-------- DATA --------

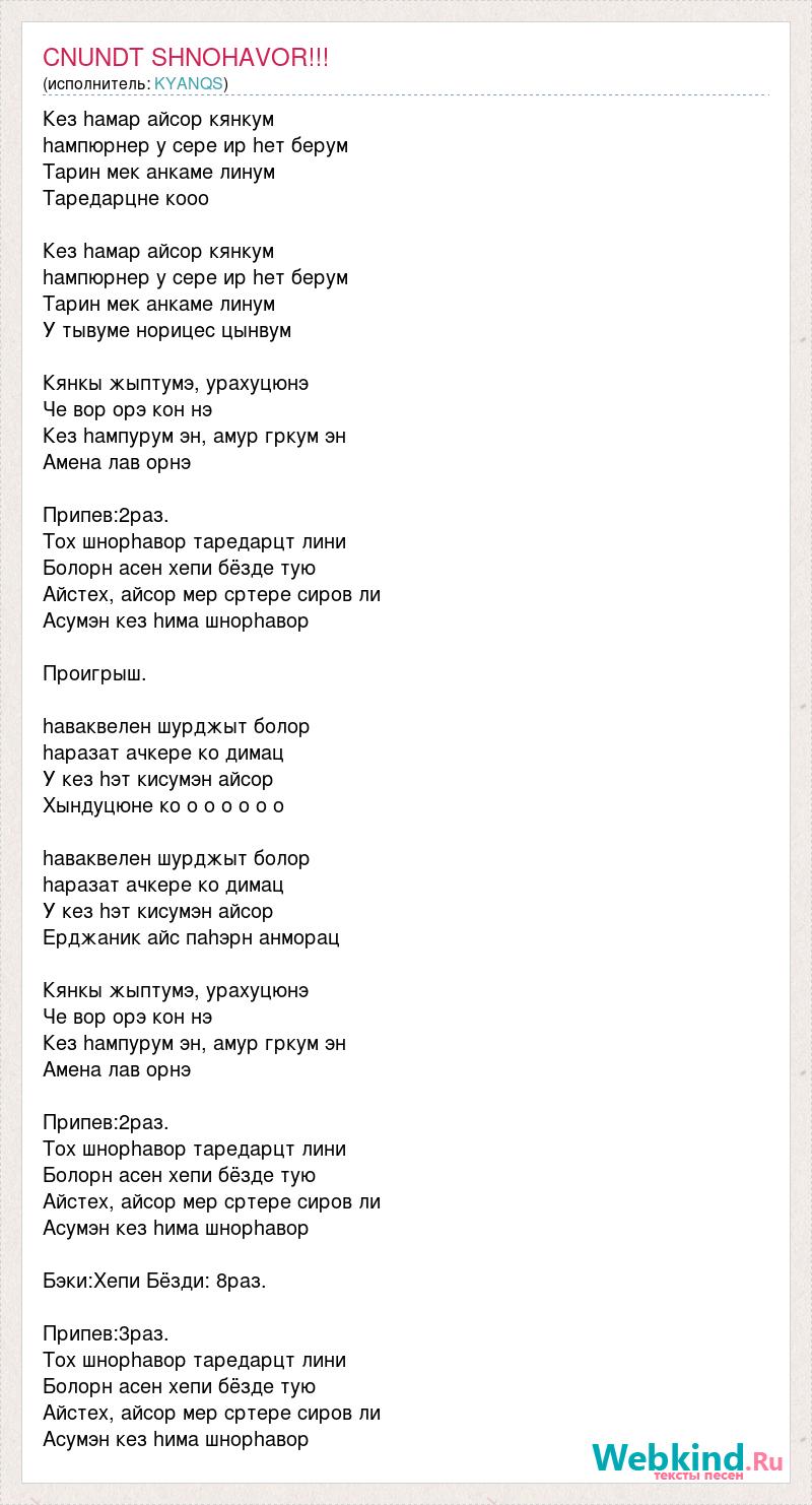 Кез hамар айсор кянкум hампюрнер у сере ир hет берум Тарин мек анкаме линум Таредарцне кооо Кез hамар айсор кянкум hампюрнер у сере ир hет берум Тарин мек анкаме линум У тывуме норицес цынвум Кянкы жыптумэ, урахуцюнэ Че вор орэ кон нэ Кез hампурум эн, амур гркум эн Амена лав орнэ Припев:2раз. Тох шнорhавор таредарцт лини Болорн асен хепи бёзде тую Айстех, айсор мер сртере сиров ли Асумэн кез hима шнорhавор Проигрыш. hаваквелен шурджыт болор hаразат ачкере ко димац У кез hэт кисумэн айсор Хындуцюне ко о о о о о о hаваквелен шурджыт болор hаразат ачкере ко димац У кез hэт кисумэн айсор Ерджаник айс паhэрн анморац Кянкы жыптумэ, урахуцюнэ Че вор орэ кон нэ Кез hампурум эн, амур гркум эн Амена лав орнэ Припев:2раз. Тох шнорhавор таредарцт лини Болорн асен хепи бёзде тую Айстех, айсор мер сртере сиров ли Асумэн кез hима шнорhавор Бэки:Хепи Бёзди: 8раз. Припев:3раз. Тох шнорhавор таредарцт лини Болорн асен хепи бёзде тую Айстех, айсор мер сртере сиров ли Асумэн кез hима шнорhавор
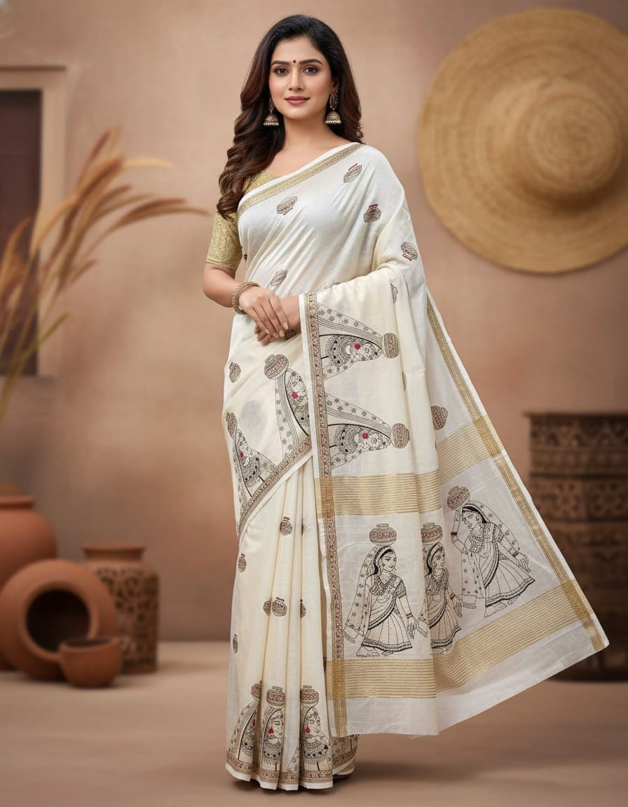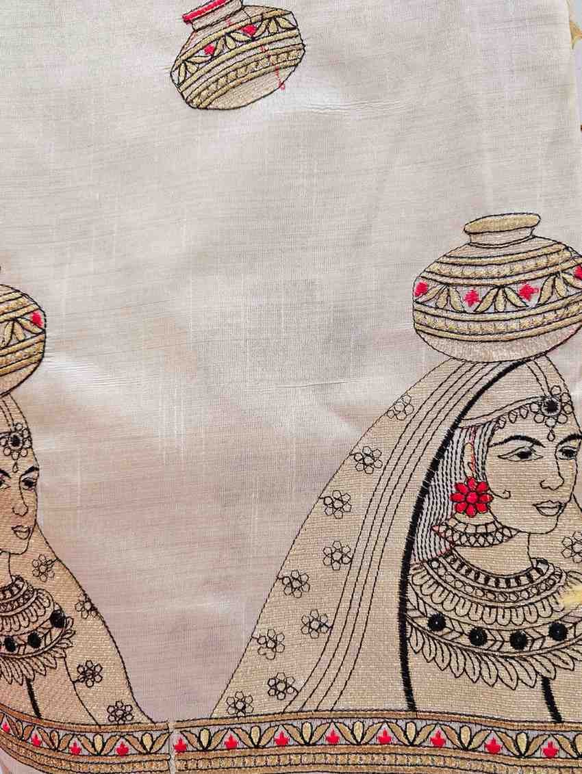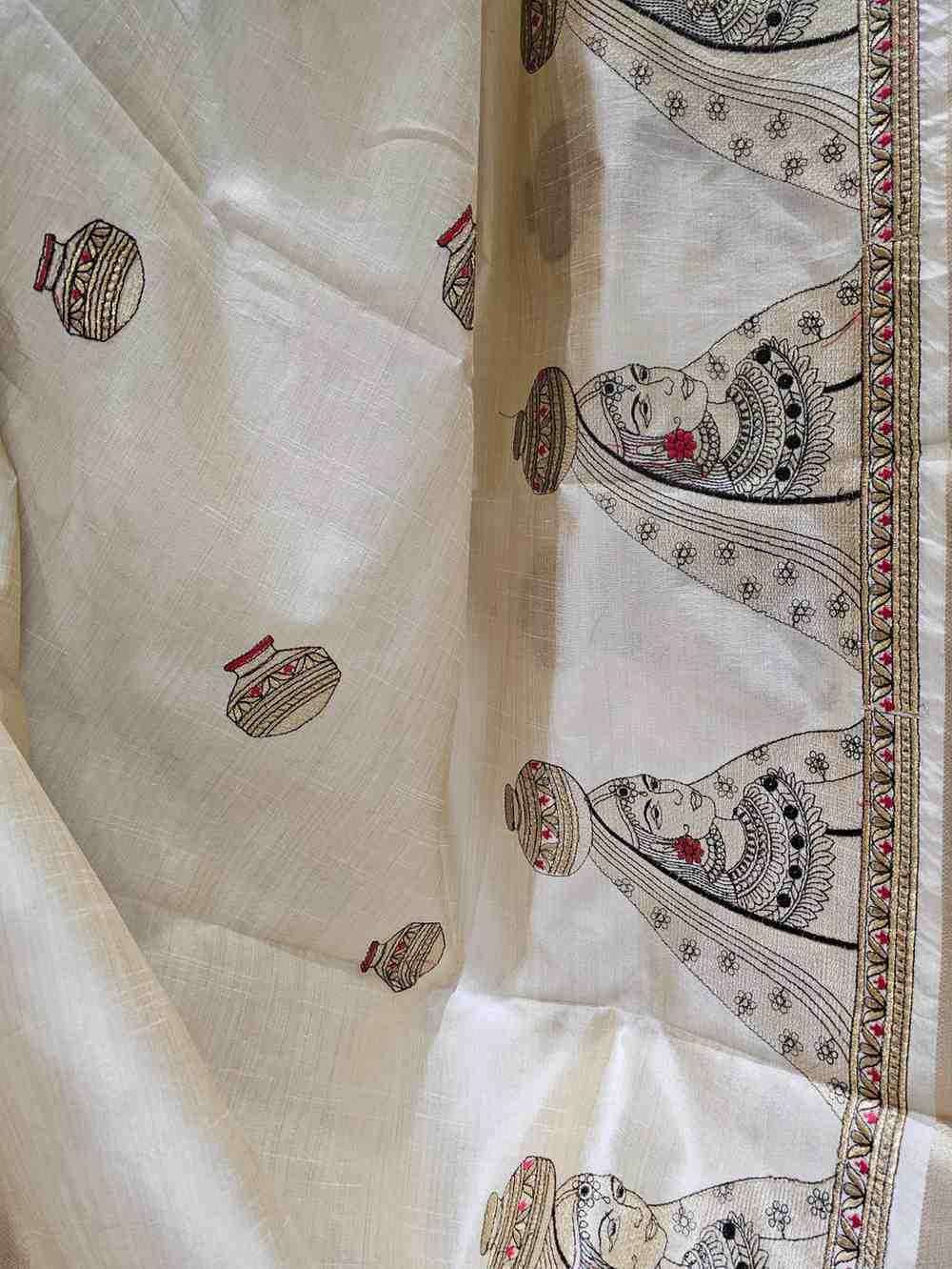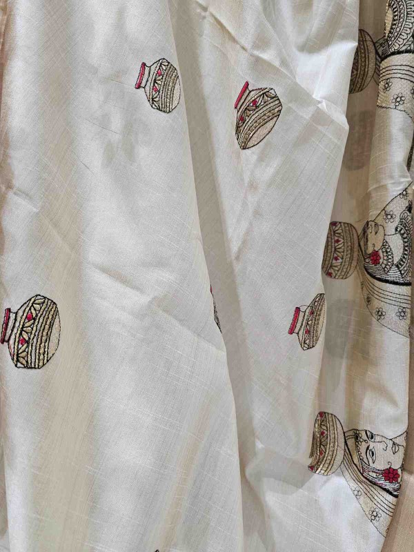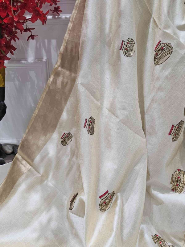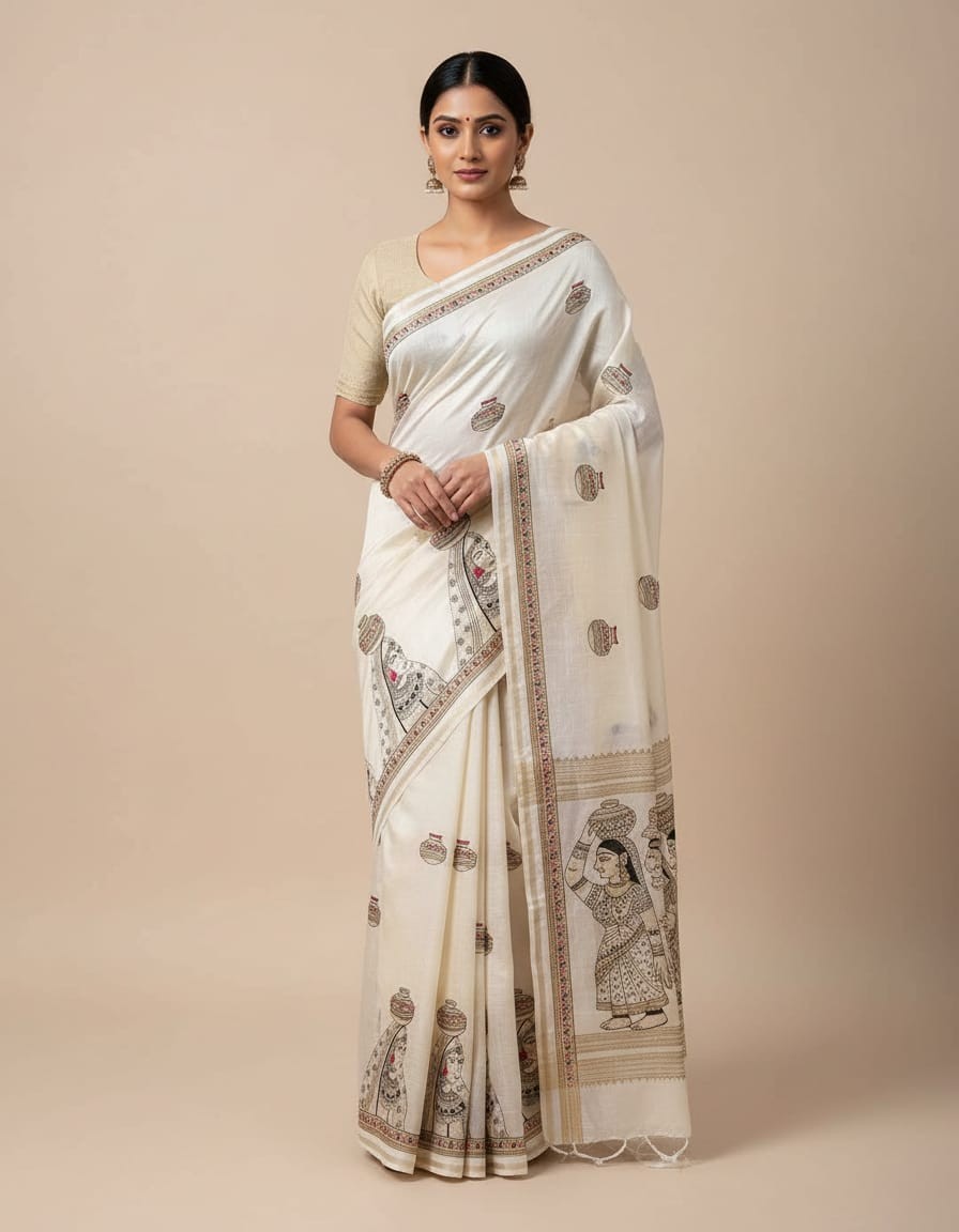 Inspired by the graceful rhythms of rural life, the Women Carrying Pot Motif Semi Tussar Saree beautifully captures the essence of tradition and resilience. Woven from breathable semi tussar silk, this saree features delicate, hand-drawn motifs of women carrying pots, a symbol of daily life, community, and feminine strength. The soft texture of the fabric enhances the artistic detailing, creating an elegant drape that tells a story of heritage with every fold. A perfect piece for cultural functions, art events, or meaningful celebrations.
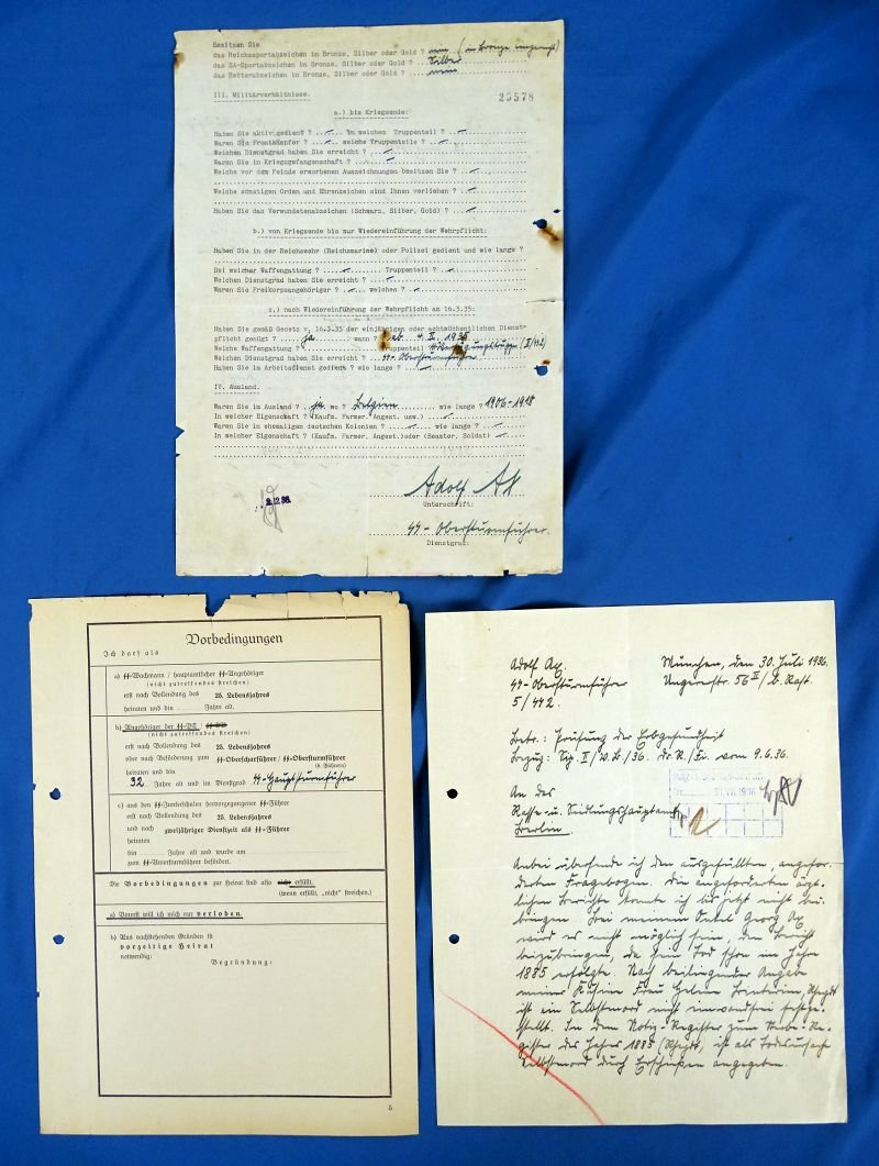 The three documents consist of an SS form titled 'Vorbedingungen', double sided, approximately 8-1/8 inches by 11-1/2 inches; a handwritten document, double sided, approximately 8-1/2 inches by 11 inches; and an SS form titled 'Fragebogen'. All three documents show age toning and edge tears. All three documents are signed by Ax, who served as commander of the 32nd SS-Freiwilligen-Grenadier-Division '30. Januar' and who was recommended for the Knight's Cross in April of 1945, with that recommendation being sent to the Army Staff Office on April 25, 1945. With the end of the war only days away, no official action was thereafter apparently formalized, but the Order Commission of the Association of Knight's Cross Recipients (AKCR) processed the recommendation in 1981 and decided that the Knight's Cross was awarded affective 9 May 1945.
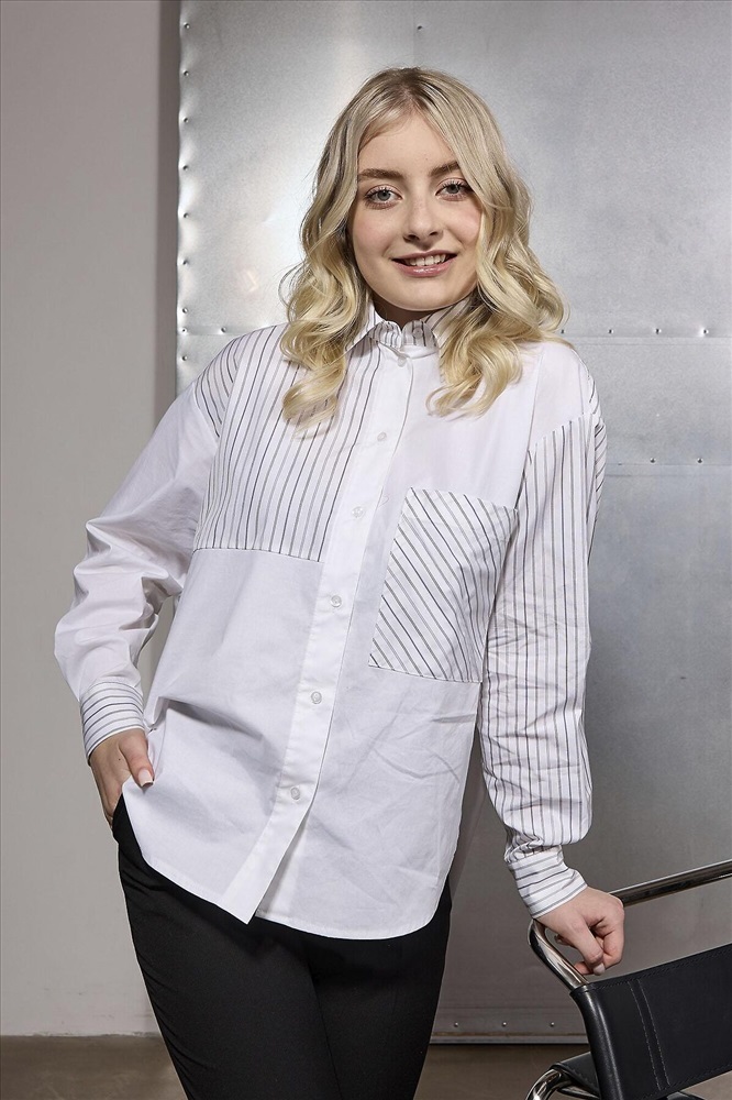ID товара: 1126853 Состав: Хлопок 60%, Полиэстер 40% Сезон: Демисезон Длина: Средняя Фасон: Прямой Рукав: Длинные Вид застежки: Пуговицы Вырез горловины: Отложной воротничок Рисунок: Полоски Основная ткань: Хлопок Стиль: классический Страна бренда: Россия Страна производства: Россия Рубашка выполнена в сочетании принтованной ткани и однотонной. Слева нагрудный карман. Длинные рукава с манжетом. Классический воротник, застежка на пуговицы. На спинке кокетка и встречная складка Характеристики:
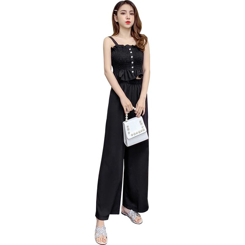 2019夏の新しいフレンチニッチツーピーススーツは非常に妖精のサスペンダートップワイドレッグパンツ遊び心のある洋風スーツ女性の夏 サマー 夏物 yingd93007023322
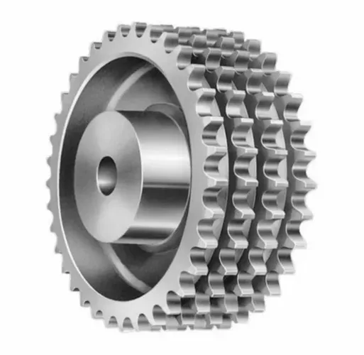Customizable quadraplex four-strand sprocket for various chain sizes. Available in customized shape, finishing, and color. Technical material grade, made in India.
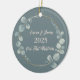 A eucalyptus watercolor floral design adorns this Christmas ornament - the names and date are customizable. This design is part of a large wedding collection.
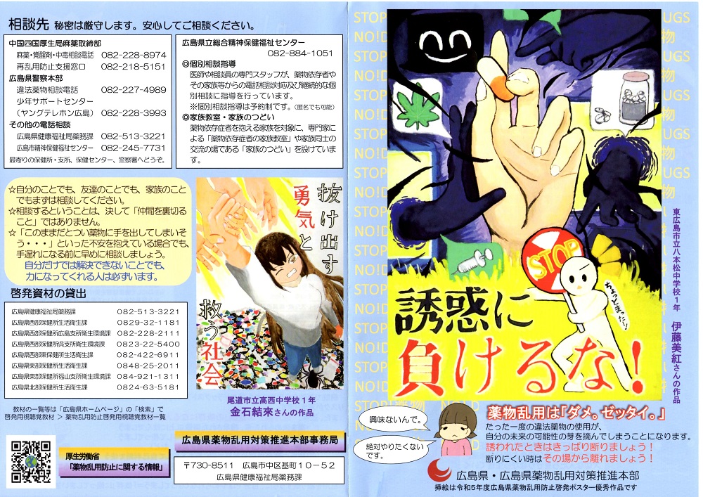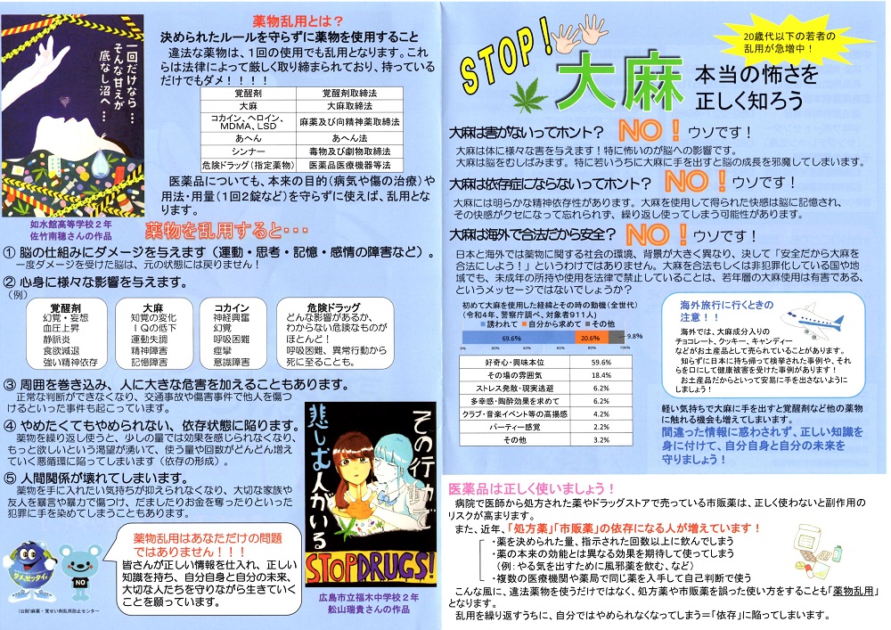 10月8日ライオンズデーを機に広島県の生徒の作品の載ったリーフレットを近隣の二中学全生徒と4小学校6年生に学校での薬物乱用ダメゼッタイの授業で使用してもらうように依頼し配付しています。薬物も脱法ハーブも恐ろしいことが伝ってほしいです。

--------

THE PROBLEM. From the line containing "サマー 夏物 yingd93007023322" to the last line of the material, every line is to be reproduced exactly. No picture belongs in the copy.

SOLUTION TO THIS EXERCISE.
 2019夏の新しいフレンチニッチツーピーススーツは非常に妖精のサスペンダートップワイドレッグパンツ遊び心のある洋風スーツ女性の夏 サマー 夏物 yingd93007023322
Customizable quadraplex four-strand sprocket for various chain sizes. Available in customized shape, finishing, and color. Technical material grade, made in India.
 A eucalyptus watercolor floral design adorns this Christmas ornament - the names and date are customizable. This design is part of a large wedding collection.
 10月8日ライオンズデーを機に広島県の生徒の作品の載ったリーフレットを近隣の二中学全生徒と4小学校6年生に学校での薬物乱用ダメゼッタイの授業で使用してもらうように依頼し配付しています。薬物も脱法ハーブも恐ろしいことが伝ってほしいです。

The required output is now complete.